От своей квартиры Паша как-то уже успел отвыкнуть: ночевки в отделе или у начальницы дома казались чем-то более реальным, нежели у себя. Разве что забежать переодеться и принять душ — в остальном делать ему здесь было совершенно нечего. Рабочие и не очень заботы мотали от места к месту, а перекусить можно было и по пути, так что запущенность родных стен на нервы не действовала. Но сегодня от перспективы полночи проворочаться на одинокой широкой кровати навалилась удушающая тоска.

Въедливый запах гари ударил еще на лестнице. Паша, бегом преодолев последние ступеньки, обалдело уставился на лестничную площадку — хлопья сажи, потеки воды, размазанные черные следы ботинок на плитках пола…

— Растуды твою туды! — выпалил, с трудом вдохнув задымленно-сырой душный воздух.
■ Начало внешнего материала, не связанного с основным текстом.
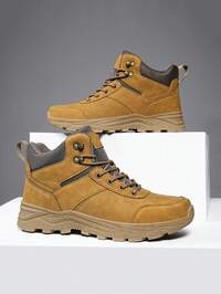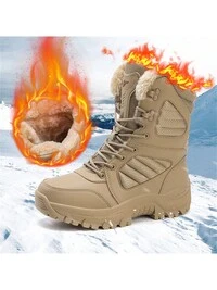 CangMing Official StoreWinter Thick Plush Lined Men's Snow Boots, High-Quality Anti Slip Men's Hiking Boots, 2025 New Plus Size Shoes, Durable Anti Slip Hiking Shoes, Combat Training Boots, High Top Men's Autumn And Winter Boots, Men's Outdoor Hiking Shoes, Sports And Leisure Shoes, Long Boots, Black Boots, Gray Boots, Sand Boots, Brown Boots, Men's Cycling Boots, Suitable For Cold Weather In Autumn And Winter, Sizes 39-47 (Irregular Pattern)

Выпавшие из пальцев уже ненужные ключи укоризненно звякнули.

========== Часть 30 ==========

— Так что, Ирин Сергевна, я теперь фактически бомж, — подвел итог Паша, отметив, как между нахмуренных бровей начальницы пролегла нехорошая складка. И это ведь он еще не рассказал про многозначительную записку в своем почтовом ящике и описанных соседкой загадочных знакомых, подозрительно похожих на Горина и Самохина…

— Так! — С грохотом задвинула стул, застыла, неестественно-ровно выпрямившись. — И что это может быть? Спалился в тот раз на слежке? Или когда выяснял про запись? Или где-то еще?

— Вы это о чем? — попытка изобразить непринужденное непонимание провалилась с треском. Под прицелом пронзительно-холодного взгляда Ткачев моментально начинал чувствовать себя глупым школьником, безуспешно пытающимся скрыть свои проделки. — Откуда вы знаете?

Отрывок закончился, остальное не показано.